La honte au travail émerge souvent dans les situations d’évaluation, de conflit ou de visibilité forte, où chacun a peur d’être jugé sur sa performance. Les personnes sujettes au syndrome de l’imposteur, très présent dans les fonctions de support et de coordination, redoutent particulièrement d’être « démasquées ». Résultat : la honte et la culpabilité se vivent « de manière clandestine », rarement avec la hiérarchie, parfois uniquement avec un(e) collègue de confiance.

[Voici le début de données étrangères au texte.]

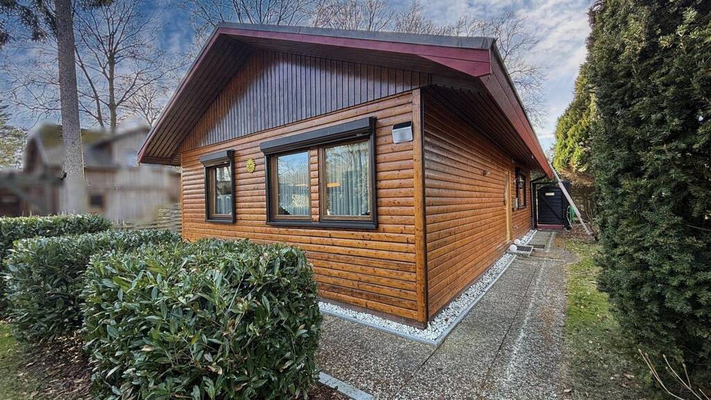 Das Haus ist in Holzbauweise errichtet und vermittelt eine warme, gemütliche Wohnatmosphäre. Ein Kamin im Wohnbereich sorgt insbesondere in den kälteren Monaten für Behaglichkeit und unterstreicht den wohnlichen Charakter des Bungalows. Ein besonderes Highlight ist der angrenzende, beheizte Wintergarten mit zusätzlichen ca. 6 qm, der zusätzlichen Raum bietet und in Kombination mit der großzügigen Terrasse (ca. 8,7m Länge und 3,3m Tiefe) ideale Voraussetzungen für entspannte Stunden im Freien schafft.

Pour les assistant(e)s, dont le rôle repose sur la fiabilité, la discrétion et le rapport direct avec des profils dirigeants, chaque écart ou « raté » peut prendre la dimension d’un défaut de professionnalisme. Cette pression permanente nourrit une vigilance extrême… et une peur constante de ne plus être à la hauteur.

« Ne pas être à la hauteur » : la peur de l’erreur

Dans des organisations où la perfection est parfois érigée en norme, la peur de l’erreur devient un puissant moteur de honte. La crainte de « faire une boulette » visible par un(e) dirigeant(e), un client ou tout un service pousse à l’hypercontrôle, au surinvestissement et à la remise en question systématique. Or la culture de l’infaillibilité contribue directement à l’augmentation du stress, du mal‑être et, à terme, à des risques de burn-out, notamment chez les profils les plus impliqués.

Dans ce contexte, le droit à l’erreur est rarement ressenti comme réel, même lorsqu’il figure dans les discours officiels. Valoriser l’apprentissage par l’erreur, plutôt que la sanction, permet pourtant aux salarié(e)s de ne plus voir leurs erreurs comme la preuve de leur incompétence, mais comme un levier de progression. Là où cette culture existe, l’autonomie, l’innovation et la prise d’initiative augmentent, ce qui bénéficie autant aux individus qu’à l’entreprise.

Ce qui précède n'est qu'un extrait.